Lovely Taiwan Foundation 台灣好基金會
- Formation: 2009; 17 years ago
- Headquarters: Taipei, Taiwan
- Key people: Ko Wen-chang (founder and chairman) Lee Ying-ping (CEO)
- Website: new.lovelytaiwan.org.tw

= Lovely Taiwan Foundation =

Taiwanese private foundation

The Lovely Taiwan Foundation (台灣好基金會) is a private foundation established by Taiwanese venture capitalist Ko Wen-chang in 2009. The foundation aims to revitalize Taiwanese villages and towns by helping them market their products and tourism.

== History ==
Established in 2009, the Lovely Taiwan Foundation implemented some of its first initiatives in Chihshang, Taitung. The annual Autumn Harvest Festival has featured musicians A-Mei and Wu Bai, as well as Cloud Gate Dance Theatre, over the years. In addition, the foundation set up a shop in Taipei to promote tribal crafts from indigenous communities and products from independent small farms in rural Taiwan.

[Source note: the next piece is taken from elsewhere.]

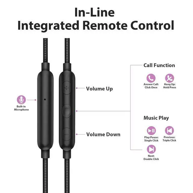 In-Line Control & Built-in Mic: Featuring in-line controls for play/pause, volume adjustment, and answering calls. The high-sensitivity microphone offers clear call quality, making it ideal for work, sports, and outdoor activities.
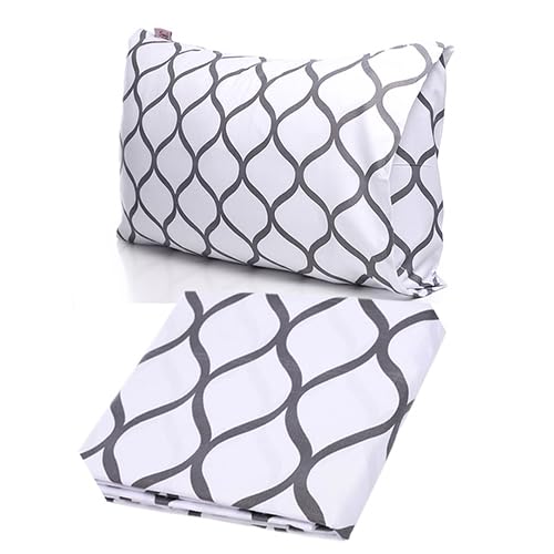 ملاية سرير مثبتة (تصميم موجات بيضاء) 1 م × 2 م + كيس مخدة واحد مجاني

=== Typhoon Morakot relief ===

In August 2009, Taiwan saw the deadliest typhoon to impact its shores in recorded history, and Taimali in Taitung County was especially hard hit. The Lovely Taiwan Foundation organized a charity concert and raised NT$10 million for the disaster relief in Tamali. Two full-time employees were sent to Taimali and oversee the construction of a public plaza to allow for tribal rituals and social gatherings.

Working with the local Paiwan community for about 3 years, the plaza was reconstructed with traditional symbols and patterns such as hundred-pace snakes and mountain hawk-eagle feathers.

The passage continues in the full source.